Except that this is subtlely flawed also.  The delay cannot be at
rcu_gp_cleanup() time because by the time we are working on the last
leaf rcu_node structure, callbacks might already have started being
invoked on CPUs corresponding to the earlier leaf rcu_node structures.
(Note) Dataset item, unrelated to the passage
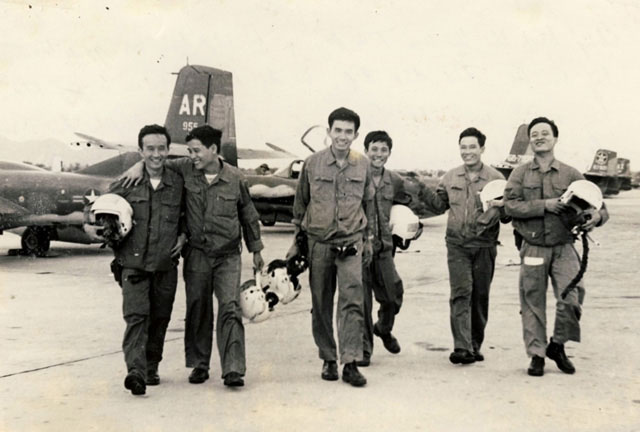 North Vietnamese pilots returning to their base near Danang after bombing Tan Son Nhut Airbase in Saigon on the morning of April 29, 1975. The North Vietnamese pilots had plenty of fuel for their aircraft. The South Vietnamese Air Force suffered from serious fuel shortages.

So the (untested) patch below (on top of the other two) moves the delay
to rcu_gp_init(), in particular, to the first loop that traverses only
the leaf rcu_node structures handling CPU hotplug.

Hopefully getting closer!

Oh, and the second smp_mb() added to rcu_gp_init() is probably
redundant given the full barrier implied by the later call to
raw_spin_lock_irq_rcu_node().  But one thing at a time...

							Thanx, Paul

------------------------------------------------------------------------

diff --git a/kernel/rcu/tree.c b/kernel/rcu/tree.c
index 8b5215e..5904b63 100644
--- a/kernel/rcu/tree.c
+++ b/kernel/rcu/tree.c
@@ -1725,6 +1725,7 @@ static void rcu_strict_gp_boundary(void *unused)
  */
 static bool rcu_gp_init(void)
 {
+	unsigned long firstseq;
 	unsigned long flags;
 	unsigned long oldmask;
 	unsigned long mask;
@@ -1768,6 +1769,12 @@ static bool rcu_gp_init(void)
 	 */
 	rcu_state.gp_state = RCU_GP_ONOFF;
 	rcu_for_each_leaf_node(rnp) {
+		smp_mb(); // Pair with barriers used when updating ->ofl_seq to odd values.
+		firstseq = READ_ONCE(rnp->ofl_seq);
+		if (firstseq & 0x1)
+			while (firstseq == smp_load_acquire(&rnp->ofl_seq))
+				schedule_timeout_idle(1);  // Can't wake unless RCU is watching.
+		smp_mb(); // Pair with barriers used when updating ->ofl_seq to even values.
 		raw_spin_lock(&rcu_state.ofl_lock);
 		raw_spin_lock_irq_rcu_node(rnp);
 		if (rnp->qsmaskinit == rnp->qsmaskinitnext &&
@@ -1982,7 +1989,6 @@ static void rcu_gp_fqs_loop(void)
 static void rcu_gp_cleanup(void)
 {
 	int cpu;
-	unsigned long firstseq;
 	bool needgp = false;
 	unsigned long gp_duration;
 	unsigned long new_gp_seq;
@@ -2020,12 +2026,6 @@ static void rcu_gp_cleanup(void)
 	new_gp_seq = rcu_state.gp_seq;
 	rcu_seq_end(&new_gp_seq);
 	rcu_for_each_node_breadth_first(rnp) {
-		smp_mb(); // Pair with barriers used when updating ->ofl_seq to odd values.
-		firstseq = READ_ONCE(rnp->ofl_seq);
-		if (firstseq & 0x1)
-			while (firstseq == smp_load_acquire(&rnp->ofl_seq))
-				schedule_timeout_idle(1);  // Can't wake unless RCU is watching.
-		smp_mb(); // Pair with barriers used when updating ->ofl_seq to even values.
 		raw_spin_lock_irq_rcu_node(rnp);
 		if (WARN_ON_ONCE(rcu_preempt_blocked_readers_cgp(rnp)))
 			dump_blkd_tasks(rnp, 10);